> What is expected:
Everything from the line with "El mercado transaccional" to the line with "Se trata de" in the listing below, both lines included, needs to be copied exactly, apart from the pictures.

> Material shown:
****************
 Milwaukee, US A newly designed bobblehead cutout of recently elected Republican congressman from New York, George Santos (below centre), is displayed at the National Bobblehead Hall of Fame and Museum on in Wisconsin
****************
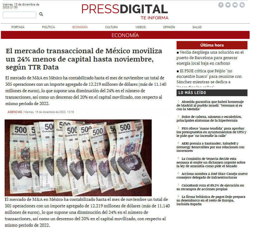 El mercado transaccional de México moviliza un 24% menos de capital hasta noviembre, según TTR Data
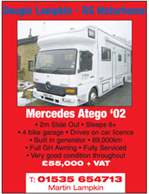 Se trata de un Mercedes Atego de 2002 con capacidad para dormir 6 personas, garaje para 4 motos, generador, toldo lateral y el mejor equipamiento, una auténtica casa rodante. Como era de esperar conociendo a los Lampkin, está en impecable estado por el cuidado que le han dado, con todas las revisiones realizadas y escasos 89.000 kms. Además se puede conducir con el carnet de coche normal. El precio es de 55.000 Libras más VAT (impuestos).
****************
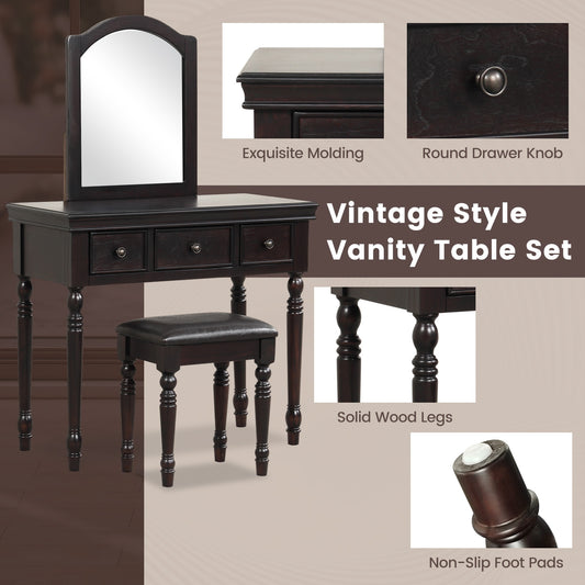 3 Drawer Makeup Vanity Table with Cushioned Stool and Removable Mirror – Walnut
****************
> Result of this task:
 El mercado transaccional de México moviliza un 24% menos de capital hasta noviembre, según TTR Data
 Se trata de un Mercedes Atego de 2002 con capacidad para dormir 6 personas, garaje para 4 motos, generador, toldo lateral y el mejor equipamiento, una auténtica casa rodante. Como era de esperar conociendo a los Lampkin, está en impecable estado por el cuidado que le han dado, con todas las revisiones realizadas y escasos 89.000 kms. Además se puede conducir con el carnet de coche normal. El precio es de 55.000 Libras más VAT (impuestos).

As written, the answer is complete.